In announcing the ceasefire, President Biden said that Israelis and Lebanese can return home, except that, for hundreds of thousands of Lebanese, their homes no longer exist. Further, the ceasefire is tentative, and its terms are decidedly lopsided.
Once again, like in 2006, Hezbollah miscalculated. Demonstrating solidarity with the Palestinians in Gaza may have seemed honourable, but they kicked the hornets’ nest of a foe whose ruthlessness knows no limits and faces no restraints. Israel responded with complete impunity, violating all norms of international law and civilised behaviour.
Now, Hezbollah has been weakened, forced to relocate north of the Litani River and with less claim as a feared deterrent against Israeli dominance. Their ability to use their armed presence as the pretorian guard protecting the ancient regime in Lebanon
is unclear.
While Hezbollah certainly plays a role in Iran’s regional strategy, it is also a movement born of problems internal to Lebanon. Hezbollah represents an aggrieved Shi’a community that is long felt disadvantaged in Lebanese affairs.

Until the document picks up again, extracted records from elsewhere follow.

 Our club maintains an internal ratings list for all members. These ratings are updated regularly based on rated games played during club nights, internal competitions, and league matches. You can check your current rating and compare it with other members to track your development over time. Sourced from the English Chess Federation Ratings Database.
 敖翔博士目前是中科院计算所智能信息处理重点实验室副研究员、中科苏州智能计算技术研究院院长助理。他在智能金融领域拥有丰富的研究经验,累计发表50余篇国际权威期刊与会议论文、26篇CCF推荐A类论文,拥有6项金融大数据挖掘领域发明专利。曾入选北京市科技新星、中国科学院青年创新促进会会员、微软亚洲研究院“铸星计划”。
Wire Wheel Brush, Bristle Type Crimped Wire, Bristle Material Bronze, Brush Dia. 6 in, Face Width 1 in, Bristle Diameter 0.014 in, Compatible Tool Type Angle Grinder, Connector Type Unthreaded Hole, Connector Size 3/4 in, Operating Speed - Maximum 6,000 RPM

They suffered the consequences of Israel’s war with the PLO, with its villages occupied by the Israeli military for decades. With Israel being forced to end its occupation in 2000, Hezbollah’s stature grew.

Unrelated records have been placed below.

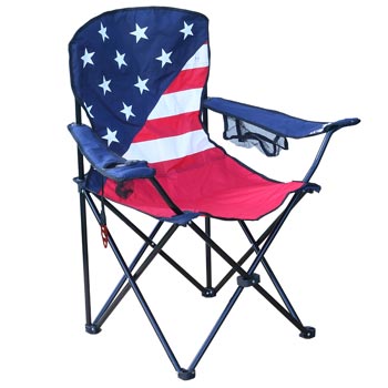 Includes attached bottle opener. Made with improved plastic parts and rivets. Great chair for camping or sporting events. Includes cup holder, padded armrests, magazine bag & carry bag (solid color). 225 lb weight limit. USA flag print on chair.
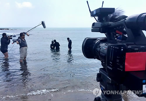 | △ (서귀포=연합뉴스) 중국 랴오닝성(遼寧) 선양(沈陽)방송의 예능 프로그램 '쩌우무추파'(주말출발) 제작팀이 13일 제주 서귀포시 성산일출봉 부근 해변에서 제주해녀를 다루는 특집 프로그램을 촬영하고 있다. 제주해녀 특집 프로그램은 오는 29일·6월 5일·12일 3회분의 본 방송과 6회의 재방송으로 방영된다. 2015.05.13. <<제주관광공사 제공>> koss@yna.co.kr |
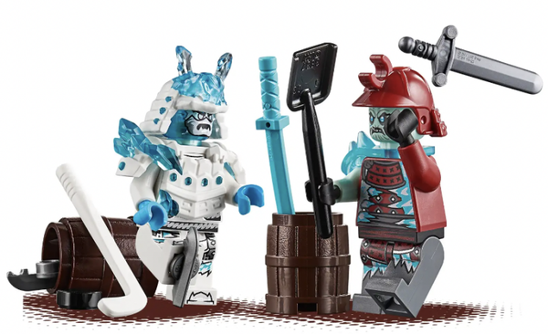 - Wapens: de zilverkleurige katana en de goudkleurige hamer van Lloyd, de dolk van Akita, de Rol van Verboden Spinjitzu van de Keizer van het IJs, de ijsspeer van Generaal Vex, de 2 ijskatana's van Sneeuwstorm Zwaardmeester en de kruisboog van Sneeuwstorm Schutter.
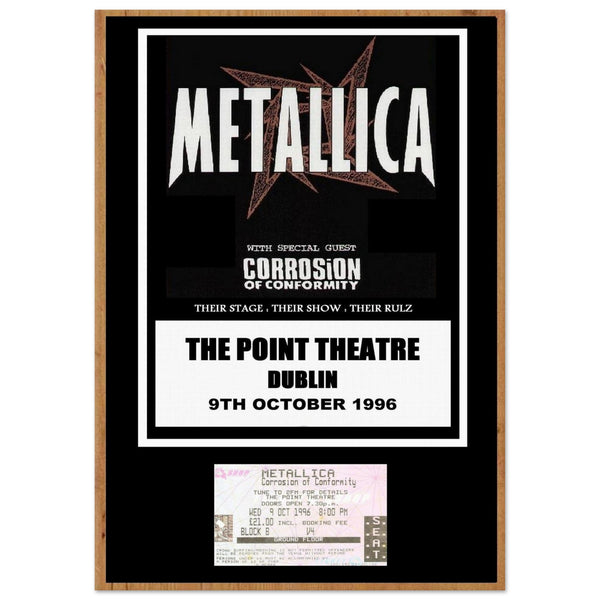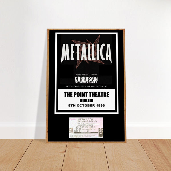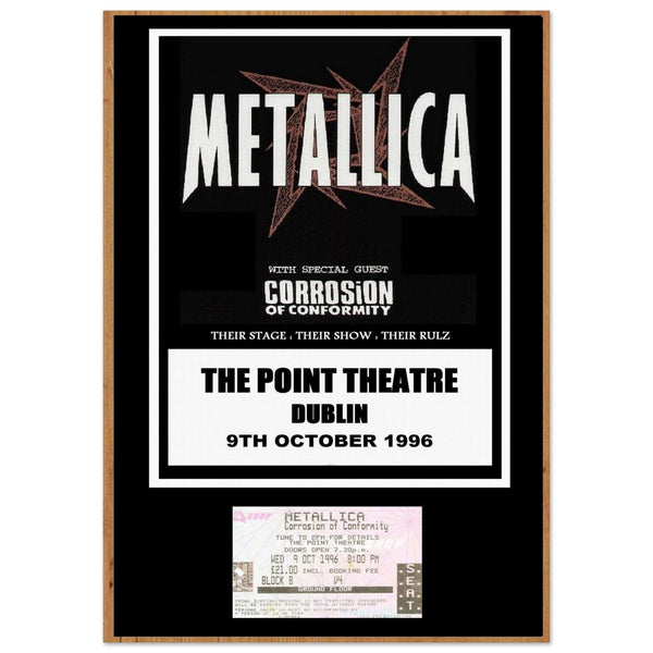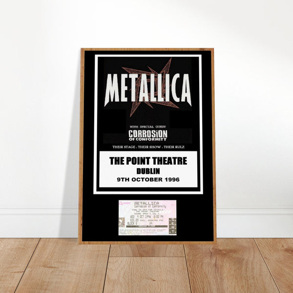 Celebrate the legendary Metallica performance at the Point Theatre in Dublin, 1996, with this exclusive concert poster. Featuring a striking design that incorporates a superimposed concert ticket, this poster is a must-have for any metal music fan or collector.

Most estimates place the Shi’a community as Lebanon’s largest sectarian grouping. They harbour a deep sense of disenfranchisement and are unwilling, especially after what they have recently endured, to accept a subordinate status.
While some say Lebanon must “get it together,” elect a new president and establish a government, that is not nearly enough. Ending the corrupt, outmoded sectarian system is essential. Whether one blames Hezbollah for this war or not, without real reform, the inequities of Lebanon’s sectarian divisions will cause tensions and disruptions, continuing to risk the country’s recovery.
Netanyahu’s crowing about his great successes in defying world opinion and defeating Israel’s foes was both frightening and disturbing. He further threatened the continued use of Israel’s unmatched military might to ensure Israel’s security and dominance. But here too a reckoning must be addressed.
As we have learned from past wars, there are wounds that do not heal. Israel may be feared, but it is hated more than ever. Palestinians, many Lebanese and Arabs in general are now more hostile to Israel than before.
Netanyahu and the majority of Israelis have learned no lessons at all. Their blind self-righteousness emboldened by US support has metastasised into a cancerous sense of impunity. Their genocidal campaign in Gaza hell-bent on the destruction of Hamas continues, but another goal is increasingly clear, to liquidate the Palestinian presence in most of Gaza and establish a permanent regime there. In the West Bank and East Jerusalem, the Israelis are also determined to subdue and annex and expand their settlement presence.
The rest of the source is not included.